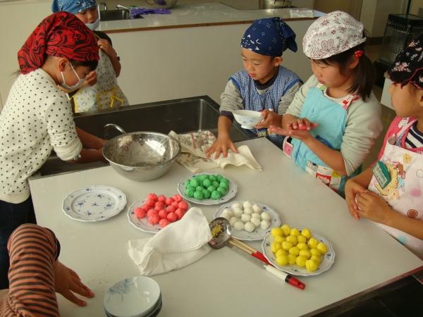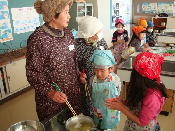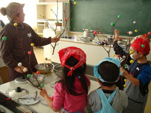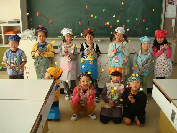 1・2年生が、高齢者とのふれあい学習を行いました。地域の4名の高齢者にお越しいただき、この時期の伝統行事である「まゆ玉飾り作り」をしました。高齢者の方と一緒に、まゆ団子を作り、一つずつ木の枝にさしました。枝に色とりどりのまゆ団子がつくと、みんな歓声をあげて喜んでいました。高齢者の方々と温かい交流を図ることができました。
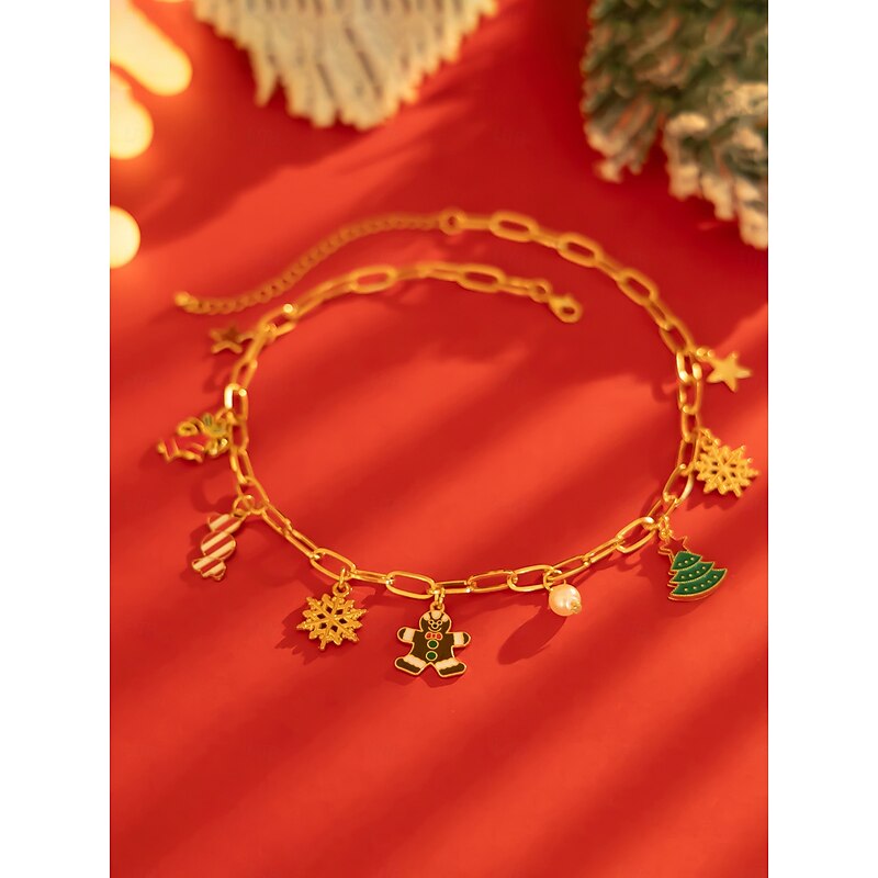 $11.99 - Women's Christmas Gingerbread and Snowflake Charm Necklace and Earrings and Bracelet with Gold Chain - Cute Holiday Jewelry for Christmas Celebrations 2025. Shop for cheap Women's Necklace online? Buy at lightinthebox.com on sale today!
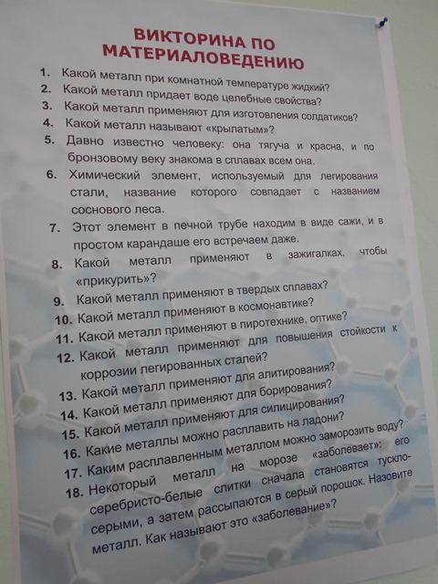 Вот и подошла к концу предметная неделя по дисциплине «Материаловедение».
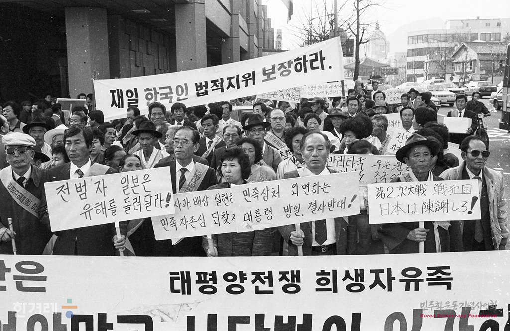 - 1990년 3월 26일 오후1시 일본 정부를 상대로 일제때 강제징용 징병으로 끌려가 희생된 한국인들에 대한 손해배상 소송을 준비중인 태평양전쟁 희생자유족회는 서울 종로구 중학동 한국일보사 12층 송현클럽 강당에서 희생자 유가족 및 참전자 등 6백여명이 참석한 가운데 태평양전쟁 희생자 유족 보상을 위한 재판 설명회를 갖고 있다. 참석자는 재판 설명회가 끝난 오후4시 일본대사관앞으로 몰려가 항의시위를 벌였다.
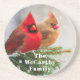 Beautiful northern cardinals sit in a pine tree on a snowy winter background on these custom ceramic coasters that you can personalise with your family name or a seasonal phrase. They are perfect not only for the holidays, but also they can continue to serve you throughout the winter months!
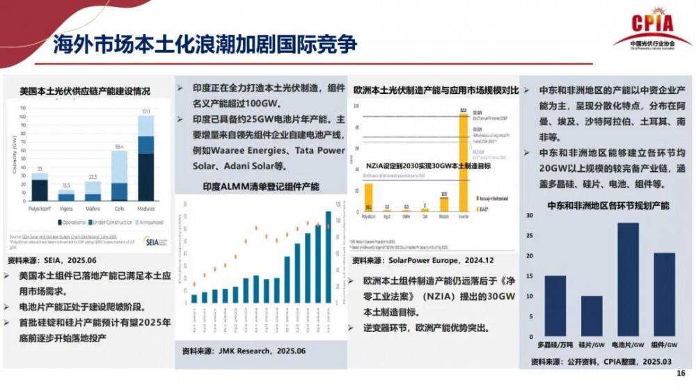 出口量:2025年1-6月,硅片、电池片、组件出口量分别同比下降7.5%、增长74.4%和下降2.82%
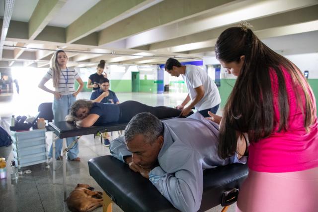 E nesta quinta-feira, dia 26 de fevereiro, uma equipe composta por quatro acadêmicos realizou atendimentos durante o período da tarde, no bloco administrativo, atendendo diversos servidores. “Hoje nós estamos fazendo terapias manuais, como liberações faciais e massagens relaxantes com servidores. Semanalmente a gente passa em cada um dos setores fazendo avaliações posturais, e também alguns exercícios para liberação da musculatura, prevenção de alguma disfunção,” explica a Professora.
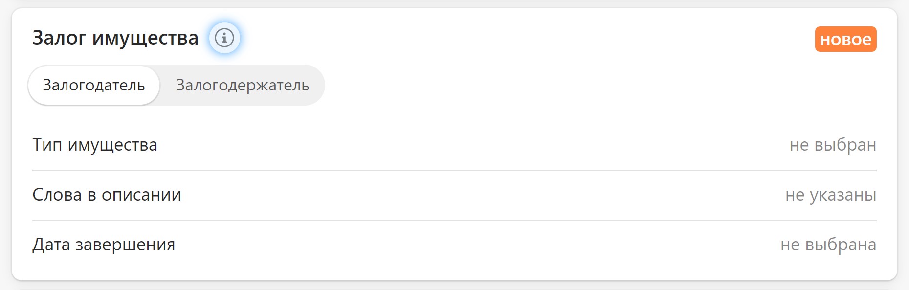 Кнопка 🛈 рядом с названием тематического блока нужна, если пользователь забыл, как пользоваться фильтрами залогов — нажмите на нее, чтобы посмотреть подсказки.
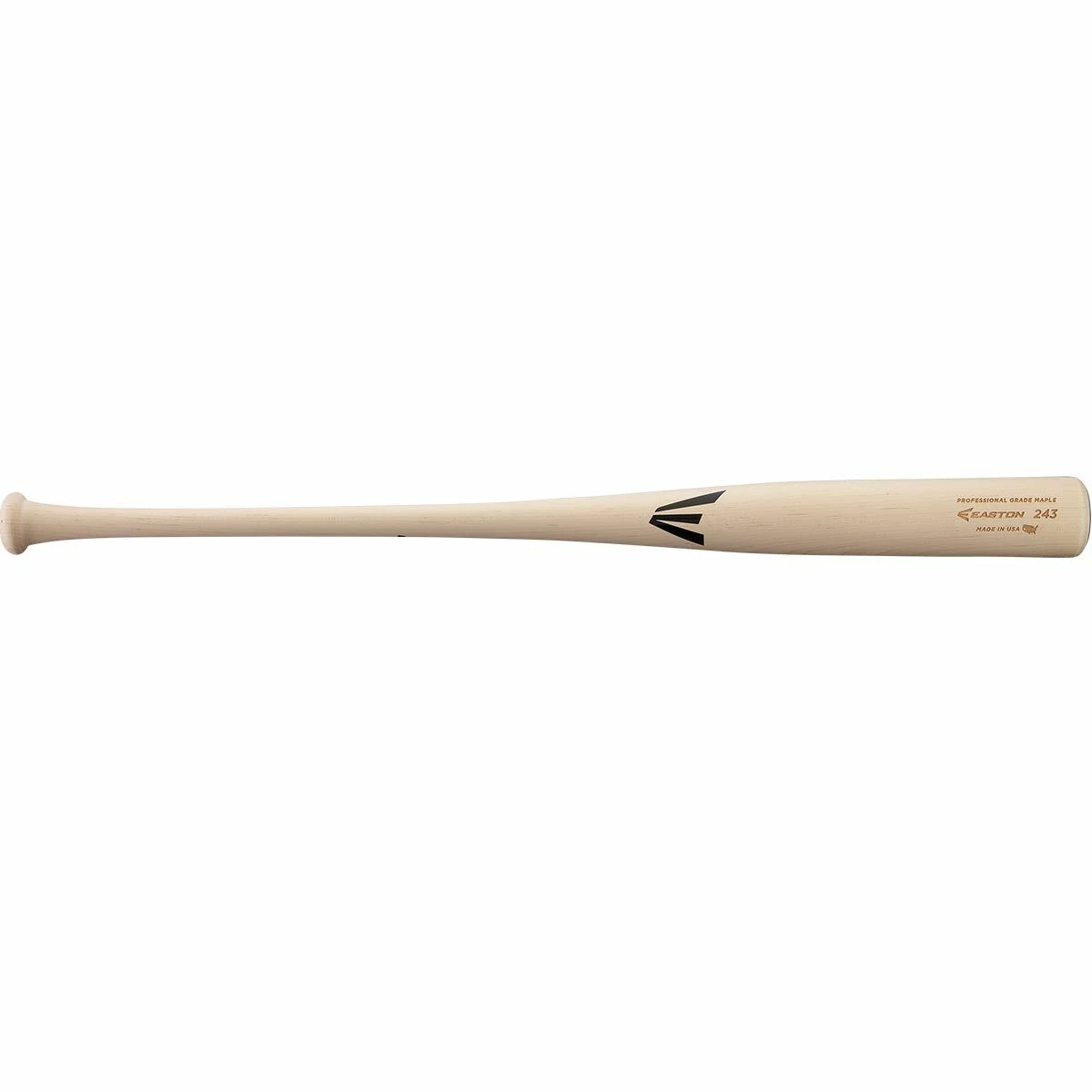 The Easton Pro 243 maple wood baseball bat is made with ultra-durable rock-hard maple, hand-crafted in the USA, and features a large barrel design that is perfect for power hitters. The 243 pattern offers a long sweet spot with an end-loaded feel for the power swing. Its medium handle size allows hitters to whip the bat through the hitting zone with authority. A traditional knob with a cupped end and a MLB standard ink dot complete the design of the Easton Pro 243 Maple.
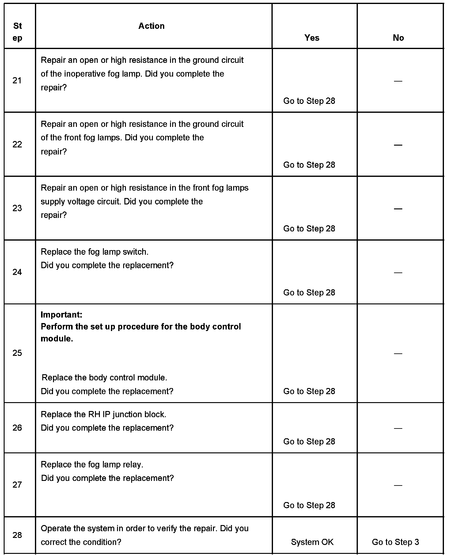 Fog Lamps Inoperative
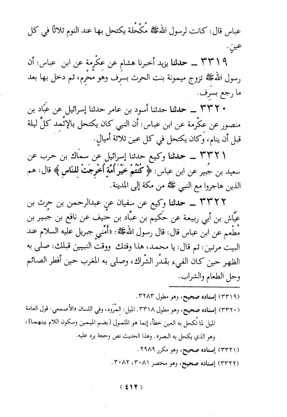 3320 - حدثنا حدثنا أسود بن عامر حدثنا إسرائيل عن عَبّاد بن منصور عن عكْرمة عن ابن عباس: أن النبي كان يكتحل بالإثْمد كلَّ ليلة قبل أن ينام، وَكان يكتحل في كل عين ثلاثة أميالٍ.
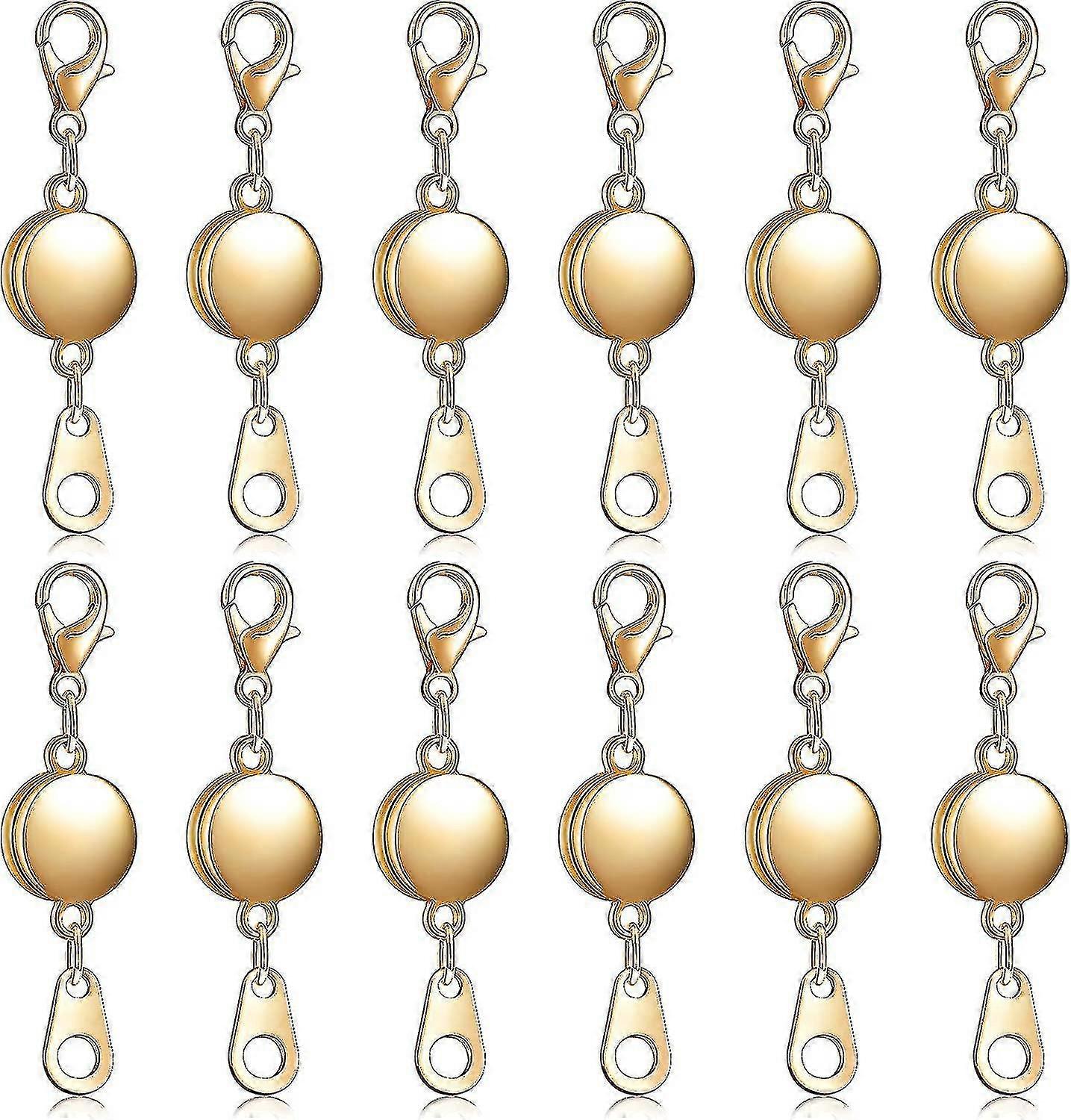 12 Pieces Locking Magnetic Jewelry Clasp Round Necklace Clasp Closures Bracelet Extender For Jewelry Making (gold)
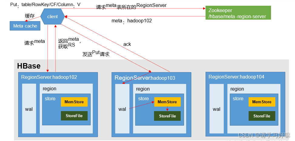 1.client先访问zookeeper集群,得到所有数据的hbase:meta表位于哪一个regionserver
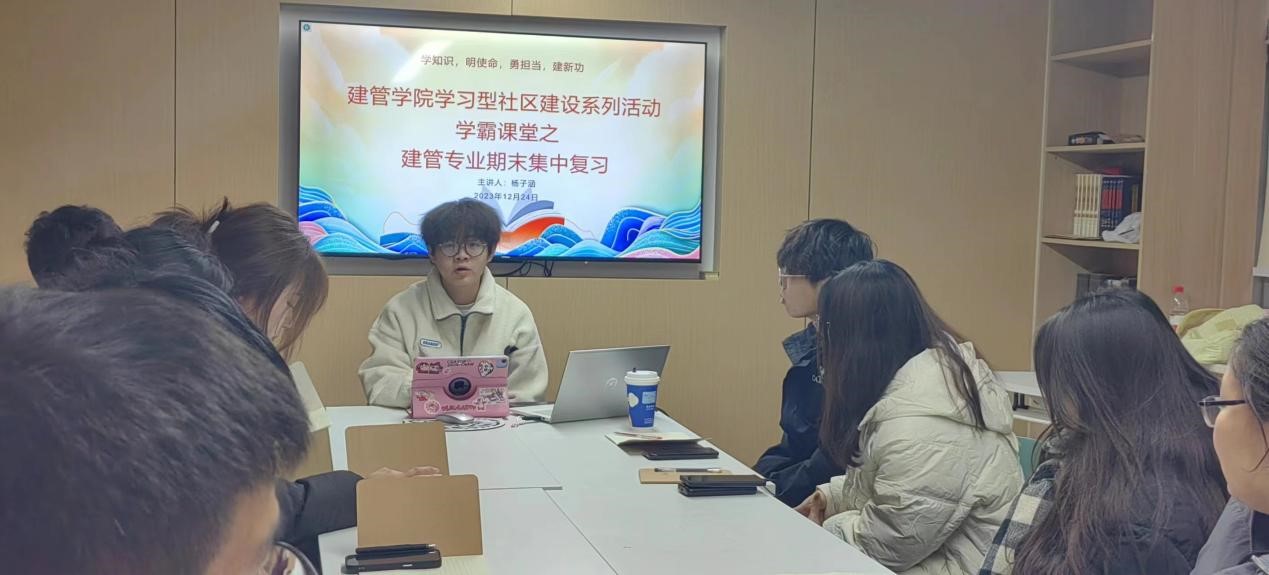 2023年12月24日,建筑管理学院举办期末集中复习讲座,本次讲堂邀请了各专业优秀学长学姐在学1一站式服务中心为大一同学分享备考经验以及未来规划。
::::
▸ PROBLEM TO WORK ON
Return only the stretch above from the line containing "出口量:2025年1-6月,硅片、电池片" through the line containing "Кнопка 🛈 рядом", word for word and without pictures.

▸ EXERCISE RESULT
 出口量:2025年1-6月,硅片、电池片、组件出口量分别同比下降7.5%、增长74.4%和下降2.82%
 E nesta quinta-feira, dia 26 de fevereiro, uma equipe composta por quatro acadêmicos realizou atendimentos durante o período da tarde, no bloco administrativo, atendendo diversos servidores. “Hoje nós estamos fazendo terapias manuais, como liberações faciais e massagens relaxantes com servidores. Semanalmente a gente passa em cada um dos setores fazendo avaliações posturais, e também alguns exercícios para liberação da musculatura, prevenção de alguma disfunção,” explica a Professora.
 Кнопка 🛈 рядом с названием тематического блока нужна, если пользователь забыл, как пользоваться фильтрами залогов — нажмите на нее, чтобы посмотреть подсказки.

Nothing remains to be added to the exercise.